如何在Python Flask框架中运行重复任务？

Question

I'm building a website which provides some information to the visitors. 我正在建立一个向访问者提供一些信息的网站。 This information is aggregated in the background by polling a couple external APIs every 5 seconds. 此信息通过每5秒轮询一对外部API在后台聚合。 The way I have it working now is that I use APScheduler jobs. 我现在的工作方式是我使用APScheduler工作。 I initially preferred APScheduler because it makes the whole system more easy to port (since I don't need to set cron jobs on the new machine). 我最初更喜欢APScheduler，因为它使整个系统更容易移植（因为我不需要在新机器上设置cron作业）。 I start the polling functions as follows: 我启动轮询功能如下：

from apscheduler.scheduler import Scheduler

@app.before_first_request
def initialize():
    apsched = Scheduler()
    apsched.start()

    apsched.add_interval_job(checkFirstAPI, seconds=5)
    apsched.add_interval_job(checkSecondAPI, seconds=5)
    apsched.add_interval_job(checkThirdAPI, seconds=5)
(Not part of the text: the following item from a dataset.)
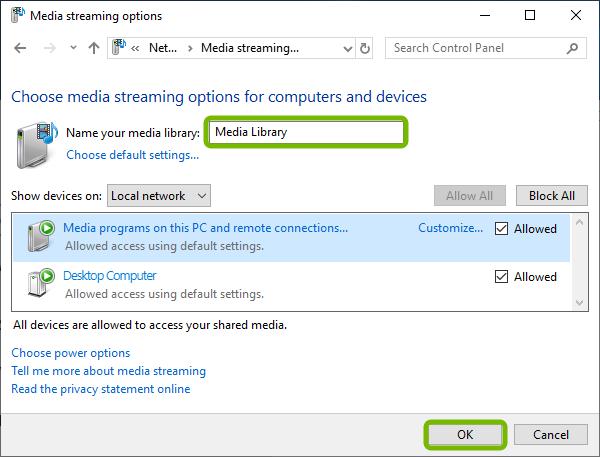 命名网络库,然后添加设备。完成所有步骤后,您的个人文件夹(例如音乐、图片和视频)将对任何支持 UPnP 的流媒体设备可见。

This kinda works, but there's some trouble with it: 这种方法有用，但它有一些问题：

For starters, this means that the interval-jobs are running outside of the Flask context. 对于初学者来说，这意味着interval-jobs在Flask上下文之外运行。 So far this hasn't been much of a problem, but when calling an endpoint fails I want the system to send me an email (saying "hey calling API X failed"). 到目前为止，这并没有太大问题，但是当调用端点失败时，我希望系统向我发送一封电子邮件（说“嘿，调用API X失败”）。 Because it doesn't run within the Flask context however, it complaints that flask-mail cannot be executed ( RuntimeError('working outside of application context') ). 但是因为它不在Flask上下文中运行，所以它抱怨无法执行flask-mail （ RuntimeError('working outside of application context') ）。
Secondly, I wonder how this is going to behave when I don't use the Flask built-in debug server anymore, but a production server with lets say 4 workers. 其次，我想知道当我不再使用Flask内置调试服务器时这将会如何表现，但生产服务器可以说4个工作人员。 Will it start every job four times then? 那会是每次工作四次吗？
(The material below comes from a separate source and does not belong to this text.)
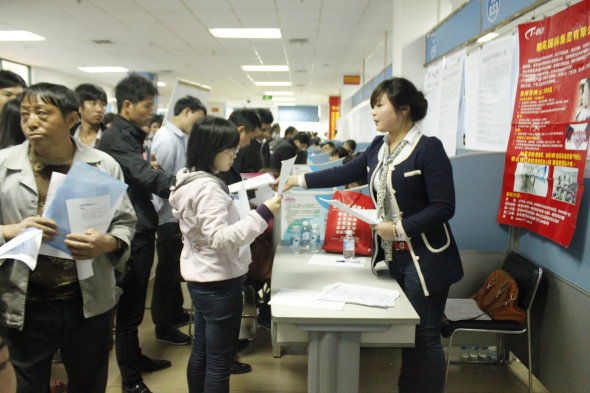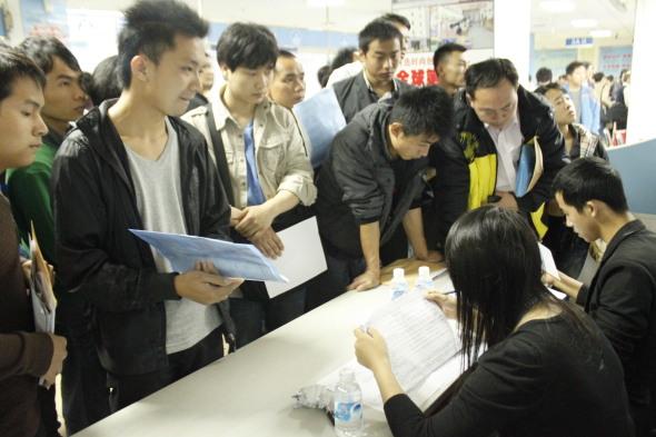 一家招聘企业前有数十名求职朋友等候,这种场面在招聘现场随处可见

All in all I feel that there should be a better way of running these recurring tasks, but I'm unsure how. 总而言之，我觉得应该有更好的方法来运行这些重复的任务，但我不确定如何。 Does anybody out there have an interesting solution to this problem? 有没有人有这个问题的有趣解决方案？ All tips are welcome! 欢迎所有提示！

[EDIT] I've just been reading about Celery with its schedules . [编辑]我刚刚阅读了Celery及其时间表。 Although I don't really see how Celery is different from APScheduler and whether it could thus solve my two points, I wonder if anyone reading this thinks that I should investigate more in Celery? 虽然我没有真正看到Celery与APScheduler的区别，以及它是否可以解决我的两点，但我想知道是否有人在阅读这篇文章时认为我应该在Celery中进行更多调查？
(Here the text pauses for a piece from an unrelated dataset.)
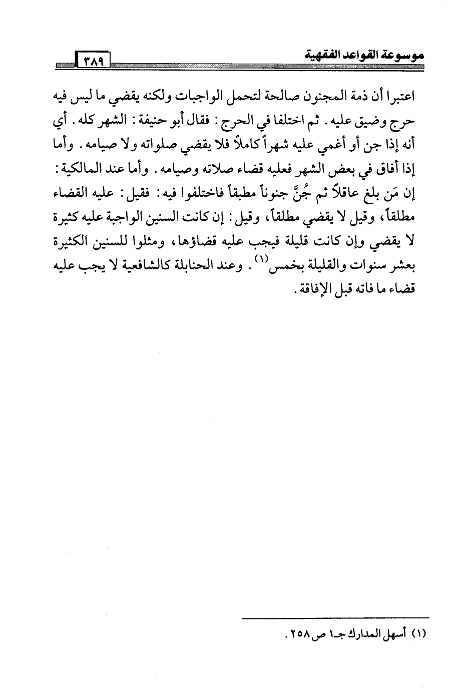 اعتبرا أن ذمة المجنون صالحة لتحمل الواجبات ولكنه يقضي ما ليس فيه حرج وضيق عليه. ثم اختلفا في الحرج: فقال أبو حنيفة: الشهر كله. أي أنه إذا جن أو أغمي عليه شهراً كاملاً فلا يقضي صلواته ولا صيامه. وأما إذا أفاق في بعض الشهر فعليه قضاء صلاته وصيامه. وأما عند المالكية: إن مَن بلغ عاقلاً ثم جُنَّ جنوناً مطبقاً فاختلفوا فيه: فقيل: عليه القضاء مطلقاً، وقيل لا يقضي مطلقاً، وقيل: إن كانت السنين الواجبة عليه كثيرة لا يقضي وإن كانت قليلة فيجب عليه قضاؤها، ومثلوا للسنين الكثيرة بعشر سنوات والقليلة بخمس (¬1). وعند الحنابلة كالشافعية لا يجب عليه قضاء ما فاته قبل الإفاقة.

[CONCLUSION] About two years later I'm reading this, and I thought I could let you guys know what I ended up with. [结论]大约两年后，我正在读这篇文章，我想我可以让你们知道我最终得到了什么。 I figured that @BluePeppers was right in saying that I shouldn't be tied so closely to the Flask ecosystem. 我认为@BluePeppers说我不应该与Flask生态系统紧密联系。 So I opted for regular cron-jobs running every minute which are set using Ansible. 所以我选择使用Ansible设置的每分钟运行的常规cron-jobs。 Although this makes it a bit more complex (I needed to learn Ansible and convert some code so that running it every minute would be enough) I think this is more robust. 虽然这使它变得有点复杂（我需要学习Ansible并转换一些代码以便每分钟运行它就足够了）我认为这更加强大。 I'm currently using the awesome pythonr-rq for queueing a-sync jobs (checking APIs and sending emails). 我目前正在使用令人敬畏的pythonr-rq来排队同步作业（检查API和发送电子邮件）。 I just found out about rq-scheduler . 我刚刚发现了rq-scheduler 。 I haven't tested it yet, but it seems to do precisely what I needed in the first place. 我还没有测试过，但它似乎正是我所需要的。 So maybe this is a tip for future readers of this question. 所以这可能是未来读者对这个问题的一个提示。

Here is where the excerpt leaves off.